The same holds for setting PSTATE.SM=0, which invalidates SME instructions.
It can therefore be considered a subtractive feature, rather than an additive
feature.

This patch adds the following:

  • +pstate-sm0 is set by default for all subtargets. NEON/SVE/SVE2 instructions that are only valid when PSTATE.SM=0 are predicated with HasPSTATESM0. In contrast to runtime, for the compiler it is allowed to have both +pstate-sm0 and +pstate-sm1 set, as this makes both instructions available to the compiler. It is up to the compiler (or compiler-user in case of inline-asm) to guarantee that PSTATE.SM is sufficiently guarded/honoured.
  • +pstate-sm1 is enabled by default and enables all instructions valid under PSTATE.SM=1.
  • +pstate-za1 is enabled by default and enables all instructions valid under PSTATE.ZA=1.
  • +sme, +sme-i64 and +sme-f64 are the (only) user-visible flags to enable SME support.

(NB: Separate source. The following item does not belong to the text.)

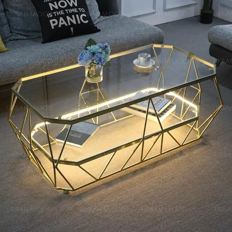 POLYGON Modern Geometric Glass Gold Coffee Table with Light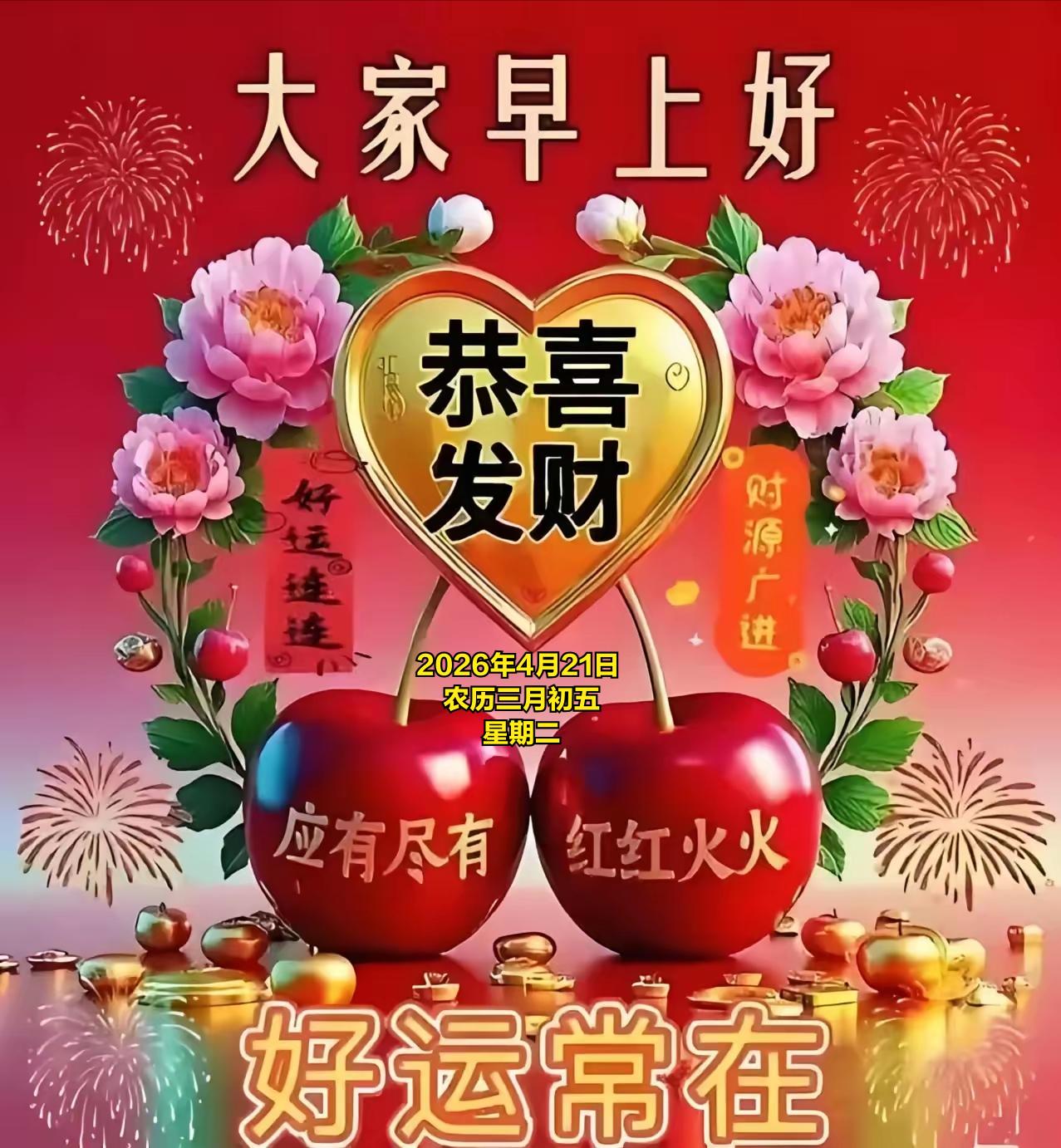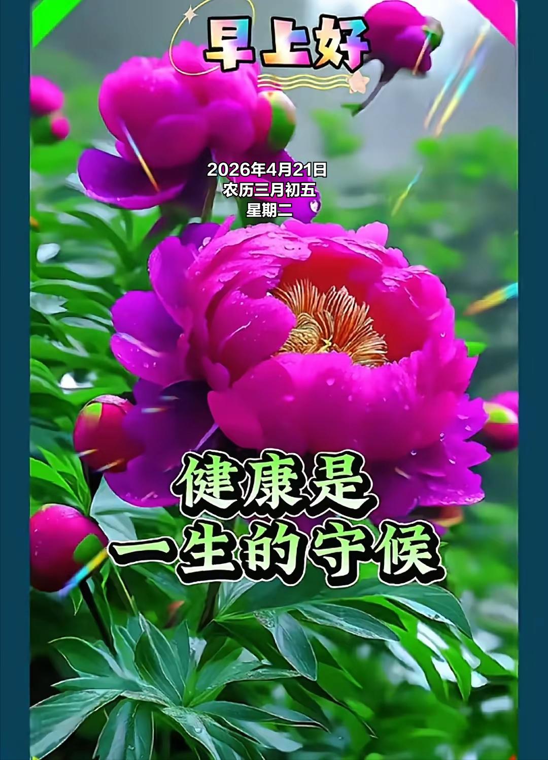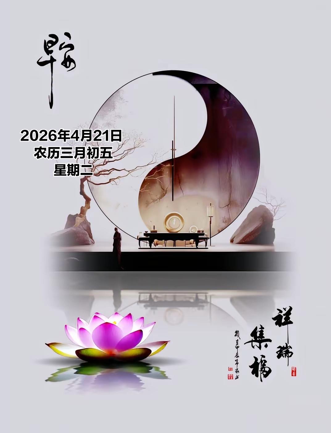 2026年4月21日 农历三月初五 星期二 4 月21日,农历三月初五,暮春渐深、万物丰盈。民间在三月初五素有踏青祈福、护苗祈丰、焚香祈安的习俗,不少地方会祭拜土地神灵,祈求风调雨顺、田禾茂盛;也有采春草、煮春茶、净宅除尘的传统,寓意扫除晦气、纳福迎祥,为一整月的顺遂打下好根基。 值此良辰,送上满满祝福,愿你身体康健、平安常伴,家人和睦无忧、笑语盈门。 愿心中所愿皆能稳步实现,事业顺风顺水、付出皆有收获;希望前路光明坦荡,烦恼随风消散,日子步步向好,所行皆坦途,所念皆如愿。 望点击“关注”,得闲在评论区互道一声“早安”。

The set of streaming-compatible NEON/SVE/SVE2 instructions are neither
predicated on HasPSTATESM0 nor HasPSTATESM1, and can therefore be
expressed with e.g. -mattr=+sve2,-pstate-sm0[,-pstate-sm1].

The set of streaming-agnostic SME instructions are not predicated on
HasPSTATESM1 and can be expressed with -mattr=+sme,-pstate-sm1.

This is an alternative approach as proposed in D120261 that follows from
an offline conversation with @rsandifo-arm.

Diff Detail

Event Timeline

sdesmalen created this revision.Mar 8 2022, 4:40 AM
sdesmalen requested review of this revision.Mar 8 2022, 4:40 AM
Herald added a project: Restricted Project. · View Herald TranscriptMar 8 2022, 4:40 AM
sdesmalen edited the summary of this revision. (Show Details)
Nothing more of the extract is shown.